#### Activity:
All of the data that follows should be given again exactly, without its images.

#### Raw data:

/---

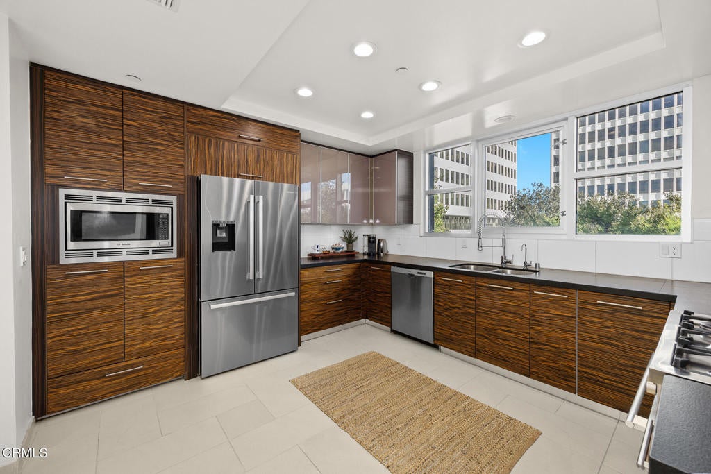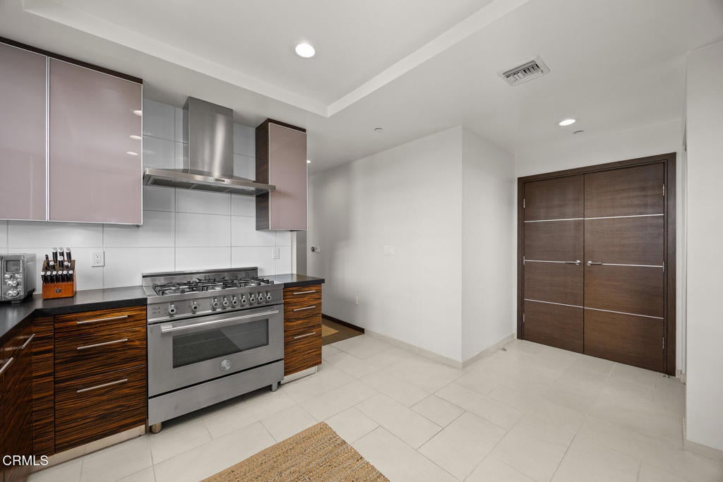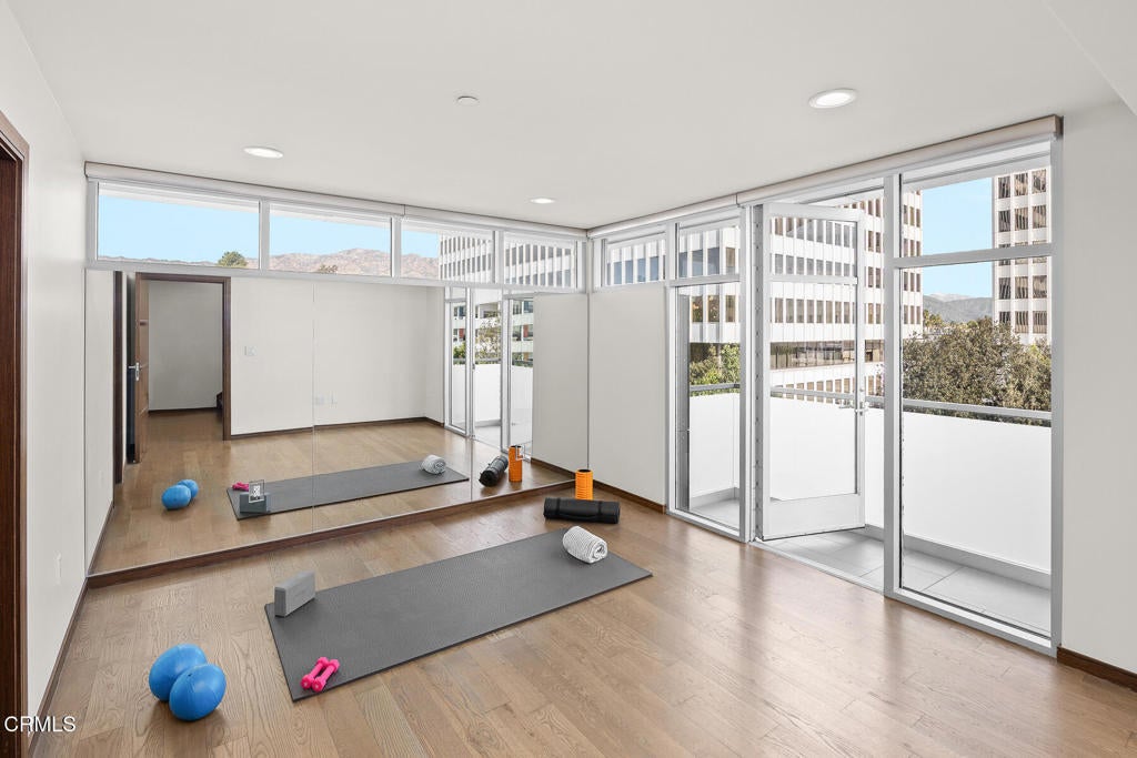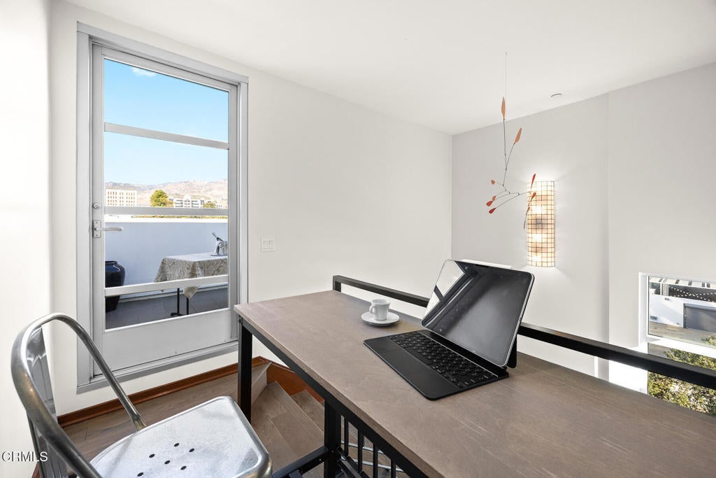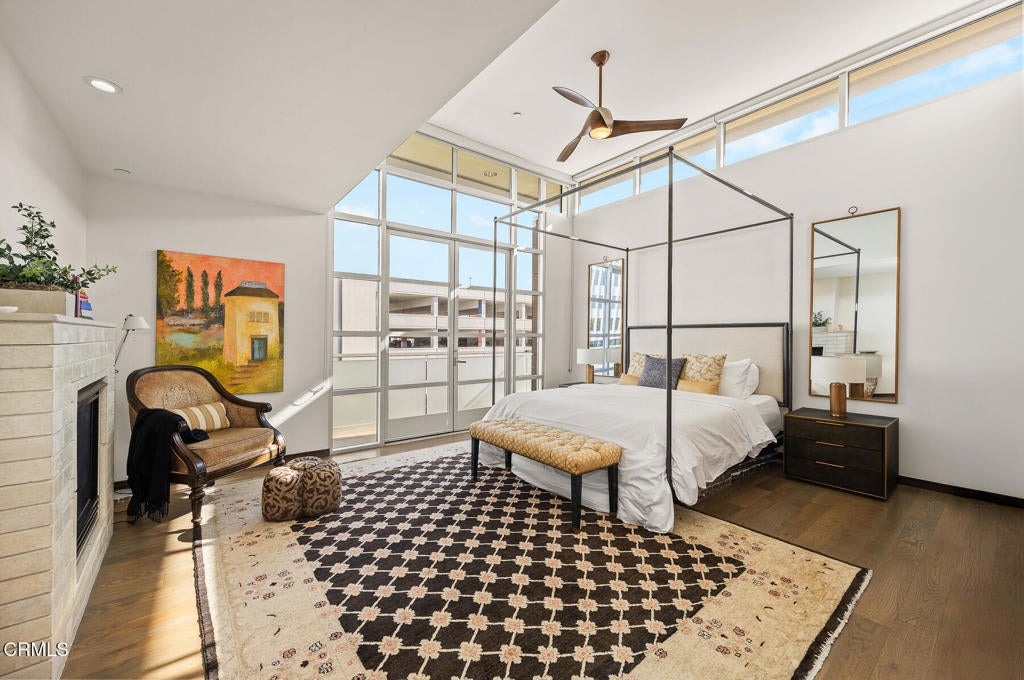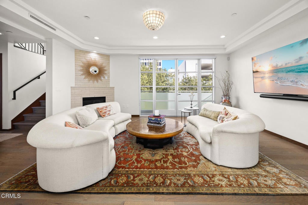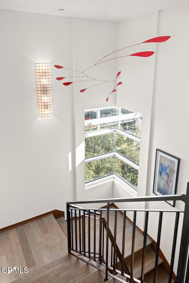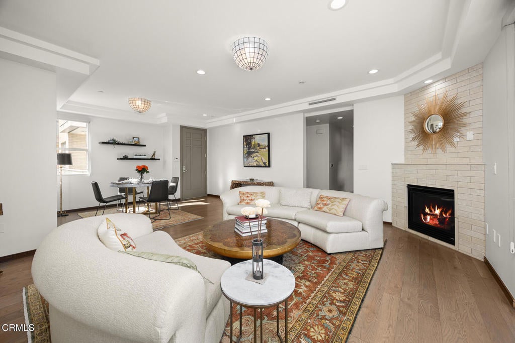 Inspired by Bauhaus architecture, Hudson Terrace is a modern luxury penthouse built in 2009 in Pasadena's vibrant South Lake Avenue District. Ideally positioned across from the Pasarroyo Business Complex and 1 block from dining, shopping, and fitness--including Trader Joe's, Erewhon, Macy's, and LA Fitness--this front-facing penthouse offers exceptional urban convenience in one of the city's most desirable neighborhoods. The exterior features a Trespa Meteon rain shield system, ivory brick and stucco detailing, sandblasted glass balcony railings, and expansive floor-to-ceiling windows that fill the home with natural light. This residence provides a loft-like living experience with a dramatic living room showcasing resurfaced hardwood floors, a precast stone corner fireplace, French Deco capiz shell sconces, custom Hunter Douglas roller blinds, and floor-to-ceiling dual-paned glass doors opening to a balcony overlooking oak-lined Hudson Ave. Updated electrical circuitry and Lutron Caseta dimmer-controlled recessed lighting enhance the modern ambiance. An elegant guest bath with marble counters and intricate tilework completes the main level. The gourmet kitchen features sleek Italian-designed cabinetry, honed black granite countertops, a Bertazzoni gas range and hood, Bosch stainless steel appliances, filtered water at both sink & refrigerator, a walk-in storage room, utility closet, and a dedicated balcony with stainless FireCraft smoker grill. The primary suite offers vaulted ceilings, remote-controlled roller shades, a craftsman wood ceiling fan, a gas fireplace, and a custom Dall'Agnese walk-in closet. The spa bath includes a 6 jet soaking tub, floor-to-ceiling glass shower, double Duravit sinks with Kohler polished nickel fixtures, and imported stone. A second bedroom with a mirrored wall functions as a guest room, gym, or office, with an adjacent bath featuring a spacious travertine and mosaic steam shower. A private rooftop terrace crowns the penthouse, offering sweeping city & mountain views. Additional highlights include 4 balconies, 2 side-by-side parking spaces near the elevator and storage room. Upgrades: Nest climate control, Lutron Caseta lighting, Hunter Douglas blinds, Restoration Hardware lighting, Bosch refrigerator, LG ThinQ washer/dryer. This pristine residence is moments from Pasadena's iconic: Caltech, ArtCenter, Langham, Huntington Library, Norton Simon, Old Town, Playhouse & Rose Bowl.
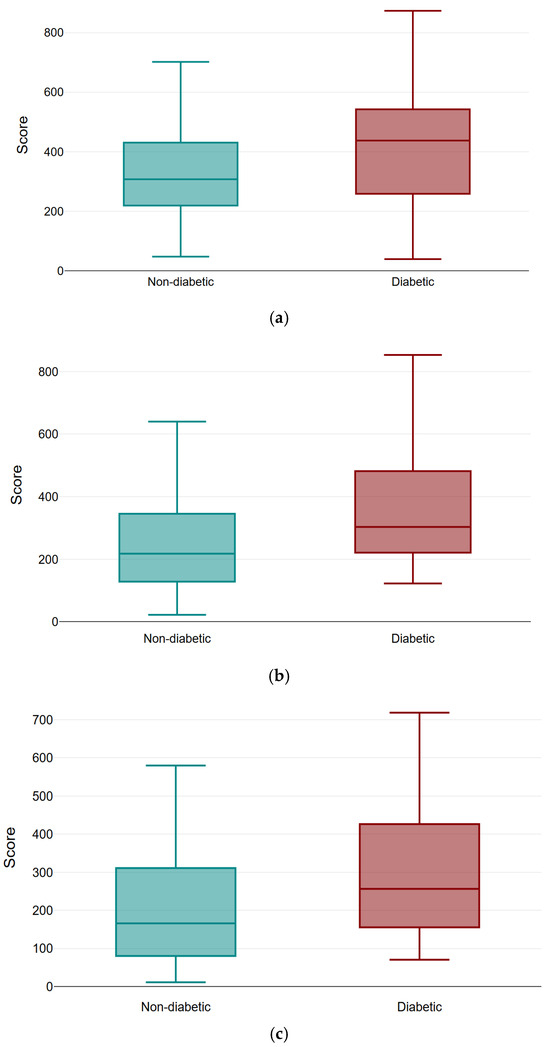 No statistically significant differences between diabetic and non-diabetic participants were observed at any time point (p = 0.89; p = 0.682; p = 0.795; p = 0.498, respectively).
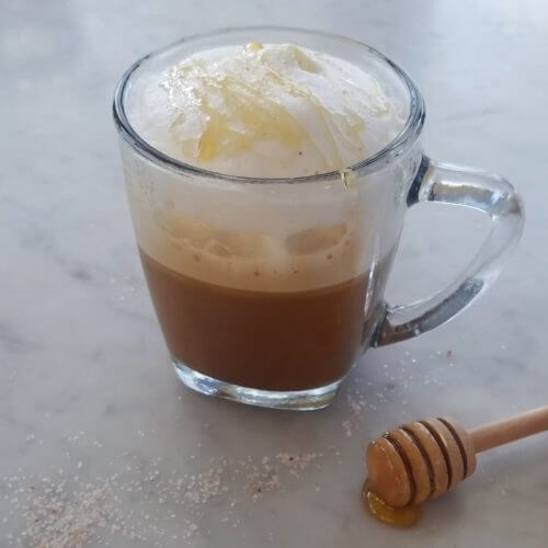 - Top with foamed milk, a sprinkle of sea salt, and a drizzle of honey if desired.

\---

#### Expected answer:
 Inspired by Bauhaus architecture, Hudson Terrace is a modern luxury penthouse built in 2009 in Pasadena's vibrant South Lake Avenue District. Ideally positioned across from the Pasarroyo Business Complex and 1 block from dining, shopping, and fitness--including Trader Joe's, Erewhon, Macy's, and LA Fitness--this front-facing penthouse offers exceptional urban convenience in one of the city's most desirable neighborhoods. The exterior features a Trespa Meteon rain shield system, ivory brick and stucco detailing, sandblasted glass balcony railings, and expansive floor-to-ceiling windows that fill the home with natural light. This residence provides a loft-like living experience with a dramatic living room showcasing resurfaced hardwood floors, a precast stone corner fireplace, French Deco capiz shell sconces, custom Hunter Douglas roller blinds, and floor-to-ceiling dual-paned glass doors opening to a balcony overlooking oak-lined Hudson Ave. Updated electrical circuitry and Lutron Caseta dimmer-controlled recessed lighting enhance the modern ambiance. An elegant guest bath with marble counters and intricate tilework completes the main level. The gourmet kitchen features sleek Italian-designed cabinetry, honed black granite countertops, a Bertazzoni gas range and hood, Bosch stainless steel appliances, filtered water at both sink & refrigerator, a walk-in storage room, utility closet, and a dedicated balcony with stainless FireCraft smoker grill. The primary suite offers vaulted ceilings, remote-controlled roller shades, a craftsman wood ceiling fan, a gas fireplace, and a custom Dall'Agnese walk-in closet. The spa bath includes a 6 jet soaking tub, floor-to-ceiling glass shower, double Duravit sinks with Kohler polished nickel fixtures, and imported stone. A second bedroom with a mirrored wall functions as a guest room, gym, or office, with an adjacent bath featuring a spacious travertine and mosaic steam shower. A private rooftop terrace crowns the penthouse, offering sweeping city & mountain views. Additional highlights include 4 balconies, 2 side-by-side parking spaces near the elevator and storage room. Upgrades: Nest climate control, Lutron Caseta lighting, Hunter Douglas blinds, Restoration Hardware lighting, Bosch refrigerator, LG ThinQ washer/dryer. This pristine residence is moments from Pasadena's iconic: Caltech, ArtCenter, Langham, Huntington Library, Norton Simon, Old Town, Playhouse & Rose Bowl.
 No statistically significant differences between diabetic and non-diabetic participants were observed at any time point (p = 0.89; p = 0.682; p = 0.795; p = 0.498, respectively).
 - Top with foamed milk, a sprinkle of sea salt, and a drizzle of honey if desired.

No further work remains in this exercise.